SECOS & MOLHADOS

O primeiro álbum dos “Secos & Molhados” completa 50 anos ainda repleto de futuro

Há meio século, o primeiro álbum de Ney Matogrosso e sua banda enfureceu a ditadura e encantou a juventude como símbolo de enfrentamento e libertação

O grupo Secos & Molhados.Créditos: Divulgação
Escrito en OPINIÃO el

Neste mês de agosto, o álbum “Secos & Molhados”, da banda homônima – aquele em que estão na capa suas cabeças expostas um uma mesa repleta de produtos – completa 50 anos de lançamento. É muito difícil tentar traduzir aos mais jovens a explosão que foi aquilo. Ou as explosões, pois elas vinham de todos os lados.

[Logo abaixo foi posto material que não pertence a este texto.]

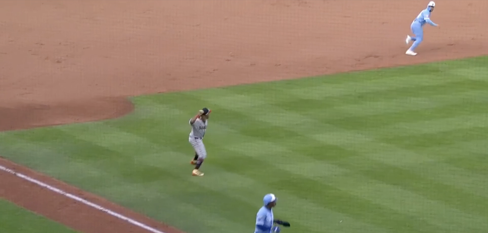 When Isbel reached on the error from Gaddis, the Royals had a win probability of 62.7 percent. After the double TOOTBLAN (a double TOOTBLAN!), it was 25.8 percent. That was a costly brain freeze.
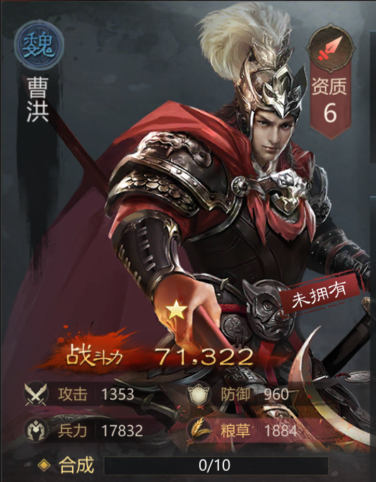 目前软软知道的获取曹洪的途径只有一种,那就是在聚英馆中会有几率获得武将碎片,然后合成曹洪。

Vinham das legiões de jovens que se apaixonaram incondicionalmente por aquele grupo repleto de mistério, irreconhecivelmente maquiados, andróginos, com um som moderno, bonito, cheio de poemas consagrados lindamente musicados, guitarras elétricas e até mesmo sintetizadores, uma absoluta novidade para a época.

Vinham explosões dos caretas e alguns pais, que abominavam o rebolado visceral, extremamente hábil e coreografado do cantor Ney Matogrosso, além, é claro, de sua doce e linda voz de tenor, quase soprano. Um luxo que perdura até hoje.

Vinham explosões de fúria da ditadura militar e seus seguidores. Vinham, enfim, explosões de todos os lados. Em torno deles havia uma única e absoluta unanimidade: ninguém ficava indiferente.

O disco era pra ser um projeto modesto. Lançado pela gravadora Continental, especializada principalmente em música caipira, era uma das poucas brasileiras em um mercado cada vez mais dominado por multinacionais. A tiragem inicial foi de 1.500 discos e a expectativa era vender tudo em um ano. Durou uma semana. O disco bateu um milhão de cópias e continua vendendo até hoje, 50 anos depois.

A modéstia não para por aí. O álbum foi todo gravado em apenas quatro canais, durante 15 sessões de seis horas cada. E, como todo grande disco de música pop, guardou em si uma enorme mitologia que envolve desde a capa, figurinos, danças e coreografias até, é claro, a musica excelente, antenada com o rock e o pop da época, mas com os pés fincados na moderna música brasileira.

Talvez um dos grandes segredos dos Secos & Molhados e o grande sucesso, sobretudo desse primeiro disco, esteja exatamente neste ponto. Era um grupo de música popular brasileira embrulhado como uma banda de rock. Com uma atitude rock and roll, o que para a época era uma coisa imprescindível.

E o repertório do álbum é excelente. O líder e idealizador do grupo, o português radicado no Brasil João Ricardo é um compositor de mão cheia. Filho do poeta e jornalista João Apolinário, trouxe para o repertório vários poemas que acabaram musicados, como “Rondó do Capitão”, de Manuel Bandeira e, a mais famosa, “Rosa de Hiroshima”, de Vinícius de Moraes musicado por Gerson Conrad.

O disco foi completado por vários outros clássicos, entre eles “Sangue Latino”, “O Vira” e a linda “Fala”, parceria de João Ricardo com Luhli, da lendária dupla com Lucina. Era, enfim, um repertório forte, vigoroso, extremamente bonito, bem tocado e cantado, inclusive com ótimos vocais.

E, neste departamento, o grupo Secos & Molhados nos deixou como seu maior e mais efetivo legado o cantor Ney Matogrosso, um dos maiores artistas brasileiros de todos os tempos. Ele deixou o grupo logo após a gravação do segundo disco que, apesar de também ser excelente, não teve o mesmo sucesso do primeiro.

Ney sobreviveu aos Secos & Molhados, que nunca mais conseguiram sucesso. O cantor, ao contrário, mantém até hoje uma profícua carreira, repleta de ousadias, reviravoltas e novidades.

A despeito de tudo o que aconteceu depois, o álbum “Secos & Molhados”, de 1973, é um dos marcos da nossa vida brasileira. Um disco que será sempre festejado por tudo o que representou em um momento de enfrentamento no país. Mas, principalmente, pela excelente e inovadora música feita de futuro.